Making Haste From Babylon: The Mayflower Pilgrims and Their World: A New History
by Nick Bunker
Knopf, 512 pp., $30

IN OUR DAYS we have a new scene of superstitious impostors and heretics,” declared the scholastic Robert Burton, about the fierce English Calvinists skeptical of the Anglican compromise and known by a series of sobriquets in the unruly Englands of Elizabeth and James. They referred to themselves as “the Godly,” but were called by others less charitable “the precise;” another epithet was “Brownist,” after Robert “Troublechurch” Browne, an early charismatic leader.

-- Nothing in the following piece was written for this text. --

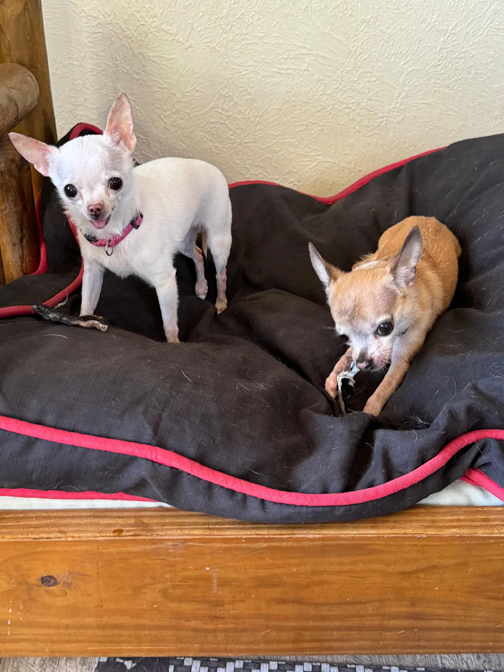 Both my dogs love ugly chews hair on hide rolls. It keeps them busy, engaged, and they’re super happy while chewing. My boys get so excited when the hide rolls come out, and they last for ages!

They were known also as Separatists, for their sporadic opposition to the Anglican church, became known as Puritans, for their theological severity, and later still as Pilgrims, in recognition of the Atlantic journey that their theology seemed to require of them, and that brought to the fertile soil of mercantilist America the ascetic seedlings of our vast middle-classness. “Of those men I may conclude generally,” Burton wrote in 1621, a year after the sailing of the Mayflower, “that howsoever they may seem to be discreet, and men of understanding in other matters…they are like comets, round in all places but where they blaze.”

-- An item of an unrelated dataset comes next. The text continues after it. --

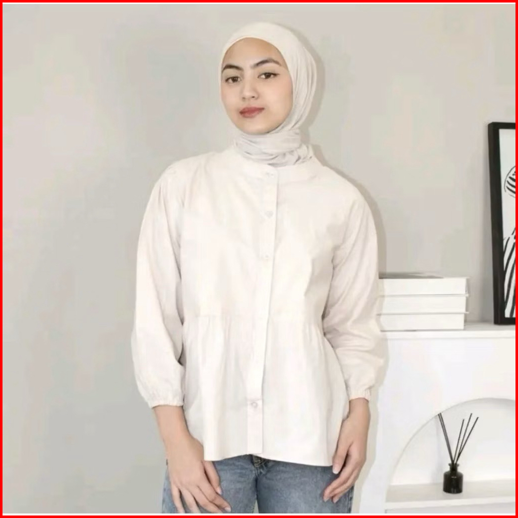 Kyren Blouse Ruffle Katun Linen Wanita Semi Crop - Blouse Katun Wanita

As Burton observed in his vast and eclectic The Anatomy of Melancholy, a chapter of which was devoted to spiritual despair, “We may say of these peculiar sects, their religion takes away not spirits only, but wit and judgment. They are certainly far gone with melancholy, if not quite mad, and have more need of physic than many a man that keeps his bed, more need of hellebore than those that are in Bedlam.” 

King James was no more sympathetic, Nick Bunker reports in his lively book, a kind of amateur historical picaresque. He called the Puritans, in Bunker’s words, “rash, brainsick, and heady, vain, proud, and pharisaical, ungrateful, fanatical, seditious, and conceited”—worse, he said, than cattle thieves, they were “very pestes in the Churche & common-weale.” He wanted them out.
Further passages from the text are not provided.